When used outside of the Dolby Atmos system, the plugin offers everything from Mid/Side capabilities to level detection control, channel linking, etc. It has AMEK mastering compressor functionality, parameter linking across instances on your DAW’s tracks, and more.

When used as a module in the Dolby Atmos Composer, some interface elements change, offering access to functionality that makes sense for Dolby Atmos mastering.

It’s not the easiest of plugins to work with, and a thorough understanding of dynamic compressing/expanding is required. When done right, though, the results are perfect clarity and any desired amount of punch, while the dynamic range can be shaped exactly the way you want.

spacelab

Fiedler Audio’s Spacelab Interstellar, the algorithmic reverb plugin developed by the experts at Fraunhofer IIS, has an incorporated 3D panner that can create accurate room reverbs, including very long tail reverbs that still sound realistic. It comes with spectral and spatial sculpting of the reverb tail with a spatial EQ reverb time separately adjustable on nine frequency bands. On its own it supports up to 256 inputs (objects) and outputs (speakers).

When used with Dolby Atmos Composer, you’ll simply add a Spacelab Beam to a track and in Composer you can then open Spacelab, turn the individual Spacelab beams in Objects, and more.

gravitas MDS verdict

The gravitas MDS module and the Spacelab plugin work together in Dolby Atmos Composer to deliver what I think is one of the best Dolby Atmos workflow management systems out there. Not only does this ecosystem ensure the best possible quality with all spatial information included in the mix, but it also enables you to use DAWs that have none or partial support for the Dolby Atmos workflow.

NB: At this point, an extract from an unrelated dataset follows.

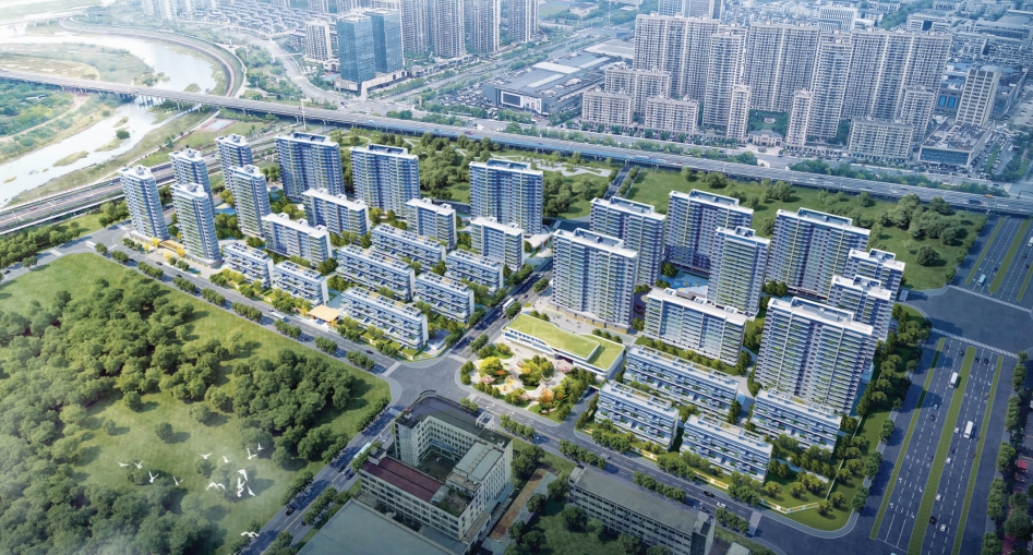 1號(hào)地塊用地面積為47463㎡(折合約71.19畝),地上建筑面積為74193㎡,地上容積率 1.56,地下容積率 0.62,綠地率 34.47%,建筑密度 24.41%。

As “normal” master plugin, gravitas MDS is one of the best plugins you can buy for track-based and master bus dynamics — as is Spacelab Interstellar for reverb.

Fiedler Audio gravitas MDS (€299), Spacelab Interstellar (€399), and Dolby Atmos Composer (€249) are available online. There’s also a Spacelab Ignition reverb (€249) that supports fewer channels than Interstellar and there’s a stripped down Dolby Atmos Composer available for free.